Ärztliche dokumentation muster

Tabelle 2 zeigt die unbereinigten Erfüllungsraten der fünf Messgrößen der Qualität der Krankenaktendokumentation für Internisten und Kinderärzte. Denken Sie daran, dass Sie Ihren Fall für andere medizinische Fachkräfte und nicht für die breite Öffentlichkeit schreiben und präsentieren. Es kann akzeptabel sein, medizinische Terminologie in vielen Fällen zu verwenden. Wenn Ihre Notizen Teil der permanenten Aufzeichnung des Patienten sein werden, stellen Sie sicher, dass Sie wissen, welche Abkürzungen akzeptabel sind. Wenn Sie nur schreiben, um etwas zu haben, wenn Sie einen Fall präsentieren, Sie, welche Abkürzungen Sie wählen. Cradock J, Young AS, Sullivan G: The accuracy of medical record documentation in schizophrenia.
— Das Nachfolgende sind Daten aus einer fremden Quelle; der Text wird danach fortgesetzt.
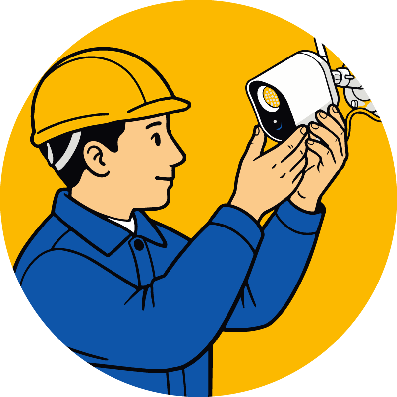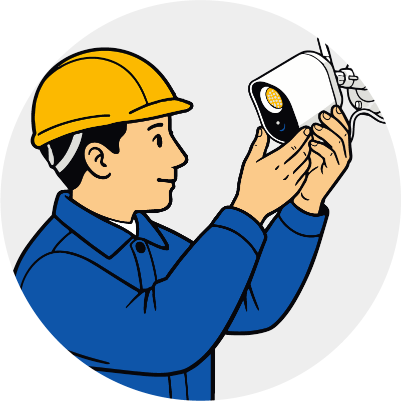 - 工事日当日は、カメラ設置工事に加え、アプリの使用方法から録画・機能設定までご説明させていただきます。

Journal of Behavioral Health Services & Research. 2001, 28: 456-465. Die Bestimmung der Korrelationen von qualitativ hochwertigen Krankenaktendokumentationen könnte daher zu Bildungsprogrammen und anderen Interventionen führen, um die Dokumentation zu verbessern, aber nur wenige Studien haben die Korrelationen der Qualität der Diagrammdokumentation genau untersucht [7]. Wir haben daher die vorliegende Studie durchgeführt, um die Dokumentationsraten der Qualität von Pflegemaßnahmen in einer ambulanten Primärversorgungspraxis zu messen, die eine EMR nutzt. Wir wollten auch die Variablen auf Arzt- und Patientenebene untersuchen, die mit der Qualität der Krankenaktendokumentation korrelierten.

Wir untersuchten die abstrahierten ambulanten elektronischen Krankenakten von 834 Patienten, die 1998 von 117 Internisten und 50 Kinderärzten an 14 Praxisstandorten versorgt wurden. Gill JM, Ewen E, Nsereko M: Auswirkungen einer elektronischen Krankenakte auf die Qualität der Versorgung in einem Primärversorgungsbüro. Delaware Medical Journal. 2001, 73: 187-194. – Zeitliche Muster: Zeitliches Muster bezieht sich darauf, ob Symptome ein festgelegtes Muster haben, wie z. B. jeden Abend auftreten. Diese Studie gab einen neuen und wertvollen Einblick in die Qualität der Krankenaktendokumentation von Hausärzten unter Verwendung eines elektronischen Krankenaktensystems in einer ambulanten Versorgung und ermöglichte die Beurteilung der Korrelation zwischen Arzt- und Patientenmerkmalen und die Qualität der Krankenaktendokumentation. Zu den Stärken der Studie gehörte die Probenahme von Ärzten und Patienten aus 14 Praxisstandorten, einschließlich der Pädiatrie und der Inneren Medizin, sowohl in städtischen als auch in Vororten; das systematische Überprüfungs- und Entnahmeverfahren für Medizinische Aufzeichnungen unter Verwendung von Qualitätsmaßstäben der Dokumentation, die mit weithin akzeptierten NCQA-Maßnahmen zur Qualität der Pflege in Einklang steht; und die hierarchischen (mehrstufigen) statistischen Modellierungstechniken zur Steuerung von Clustering und zur potenziellen Verwechsgung durch Variablen auf der Ebene des Arztes und des Patienten. Wenn Sie Ihre klinischen Rotationen in der medizinischen Schule beginnen, müssen Sie irgendwann einen Patienten präsentieren, um auf Runden zu diskutieren.

Das Team, bestehend aus Krankenschwestern, Bewohnern und behandelnden Ärzten, wird Sich Ihre Präsentation anhören, um sich ein Bild davon zu machen, was mit dem Patienten vor sich geht. Die Informationen müssen korrekt, gut organisiert und prägnant sein. Eine dritte Einschränkung ist die Möglichkeit, dass nicht gemessene Abweichungen im “Fallmix” für Unterschiede in der Dokumentationsqualität verantwortlich sein könnten. Beispielsweise ist es bei Ärzten mit allgemein kränkeren Patienten möglicherweise weniger wahrscheinlich, Gesundheitspflegeprodukte zu dokumentieren, wie z. B. die Einhaltung der Screening-Richtlinien. Umgekehrt könnte von Ärzten erwartet werden, dass sie die Medikamente, Allergien und den Impfstatus chronisch kranker Patienten sorgfältiger dokumentieren. Ein sehr grobes Beispiel folgt für einen Patienten, der nach einer Blinddarmoperation überprüft wird. Dieses Beispiel ähnelt einer chirurgischen SOAP-Note; medizinische Notizen sind in der Regel detaillierter, vor allem in den subjektiven und objektiven Abschnitten.